EXERCISE DATA.
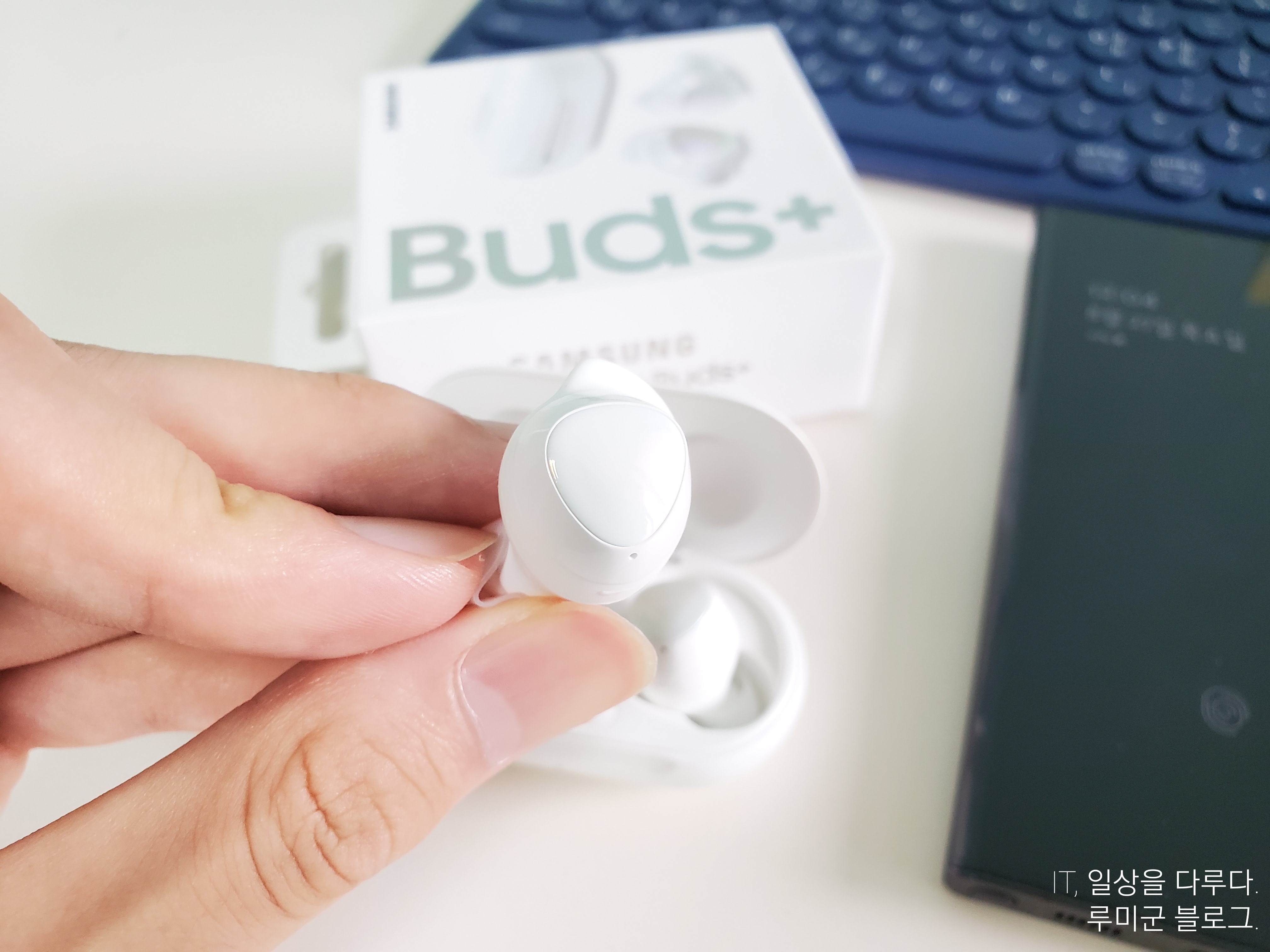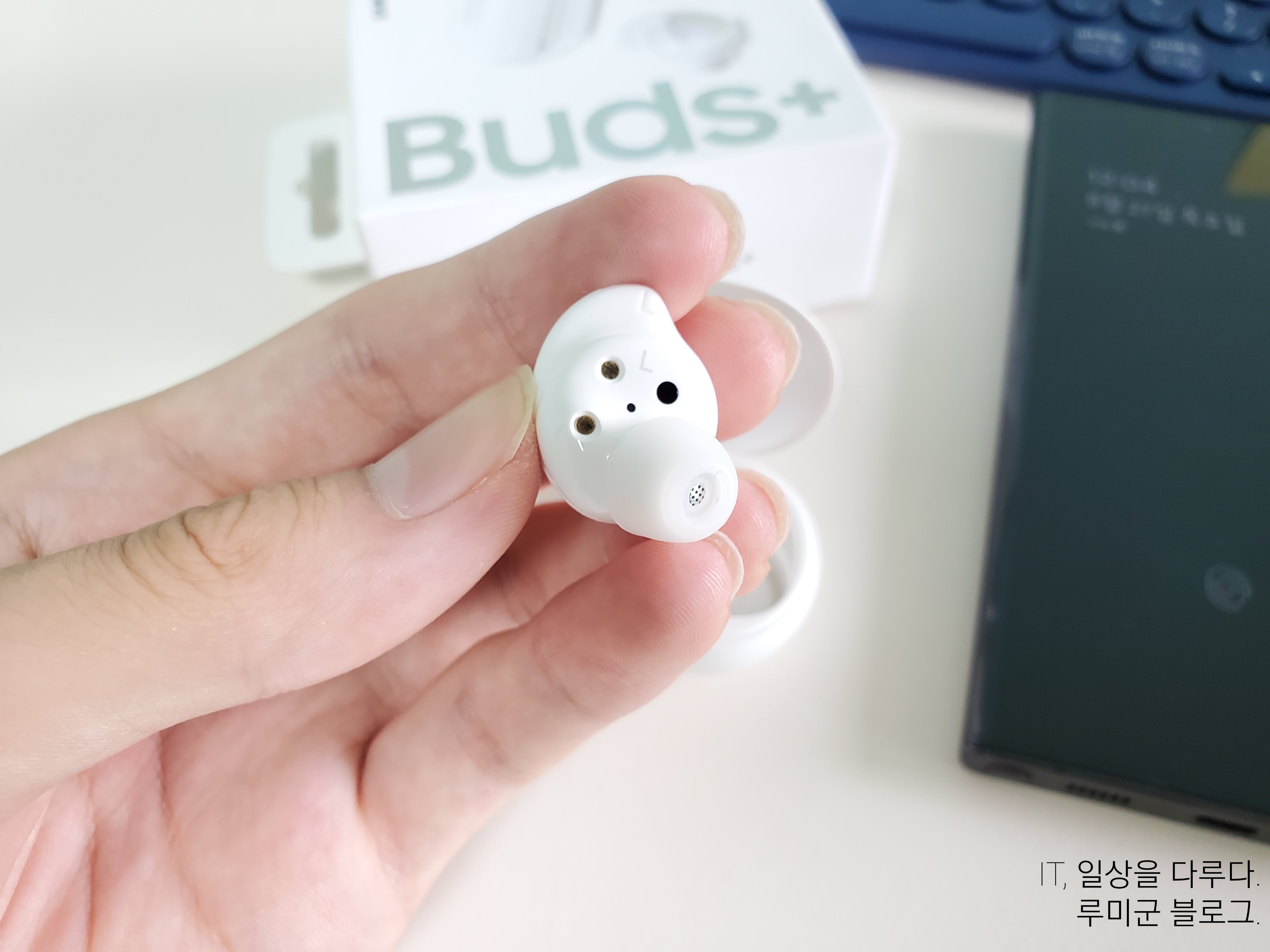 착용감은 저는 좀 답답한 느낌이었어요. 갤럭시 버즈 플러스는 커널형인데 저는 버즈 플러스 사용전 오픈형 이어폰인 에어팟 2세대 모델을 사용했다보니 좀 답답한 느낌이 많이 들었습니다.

...

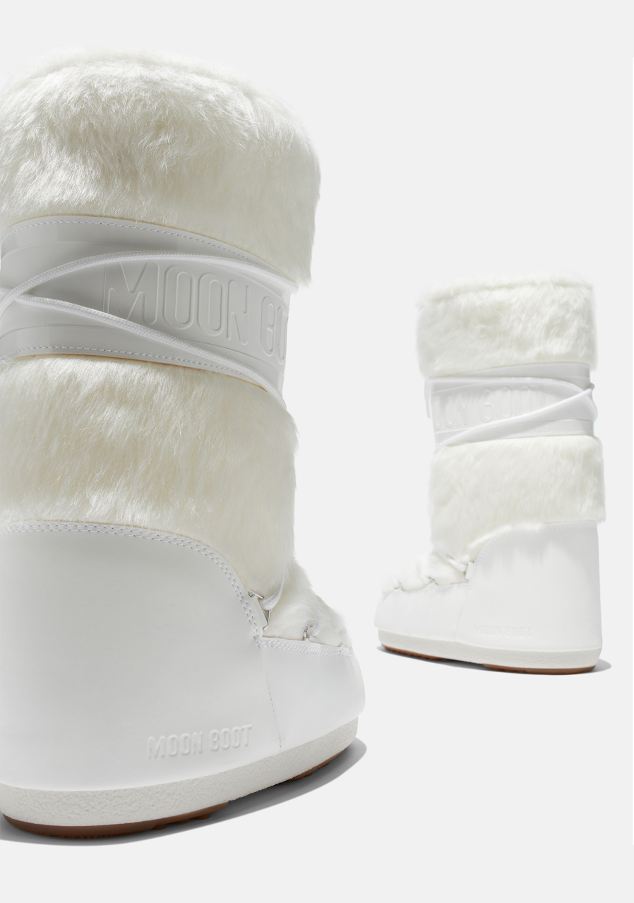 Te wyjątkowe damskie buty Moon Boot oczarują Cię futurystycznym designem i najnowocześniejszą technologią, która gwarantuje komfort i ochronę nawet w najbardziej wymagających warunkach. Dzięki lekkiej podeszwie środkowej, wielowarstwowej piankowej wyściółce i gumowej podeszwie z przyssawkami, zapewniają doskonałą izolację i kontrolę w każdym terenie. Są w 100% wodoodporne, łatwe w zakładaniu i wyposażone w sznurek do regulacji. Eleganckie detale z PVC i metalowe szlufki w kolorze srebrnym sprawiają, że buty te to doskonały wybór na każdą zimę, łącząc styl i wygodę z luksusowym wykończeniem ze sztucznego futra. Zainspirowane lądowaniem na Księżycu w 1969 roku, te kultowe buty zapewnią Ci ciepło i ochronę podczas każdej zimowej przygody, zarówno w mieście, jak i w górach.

---

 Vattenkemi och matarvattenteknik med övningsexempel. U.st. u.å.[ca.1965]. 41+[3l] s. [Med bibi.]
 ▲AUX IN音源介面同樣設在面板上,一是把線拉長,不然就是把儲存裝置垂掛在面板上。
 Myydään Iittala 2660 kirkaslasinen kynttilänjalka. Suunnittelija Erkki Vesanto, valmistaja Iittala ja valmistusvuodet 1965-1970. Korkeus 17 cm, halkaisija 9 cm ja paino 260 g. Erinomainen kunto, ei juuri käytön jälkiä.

WORK TASK.
From the records above, give again exactly the lines running from the line with "Vattenkemi och matarvattenteknik" to the line with "Myydään Iittala 2660", inclusive.

WRITTEN RESPONSE.
 Vattenkemi och matarvattenteknik med övningsexempel. U.st. u.å.[ca.1965]. 41+[3l] s. [Med bibi.]
 ▲AUX IN音源介面同樣設在面板上,一是把線拉長,不然就是把儲存裝置垂掛在面板上。
 Myydään Iittala 2660 kirkaslasinen kynttilänjalka. Suunnittelija Erkki Vesanto, valmistaja Iittala ja valmistusvuodet 1965-1970. Korkeus 17 cm, halkaisija 9 cm ja paino 260 g. Erinomainen kunto, ei juuri käytön jälkiä.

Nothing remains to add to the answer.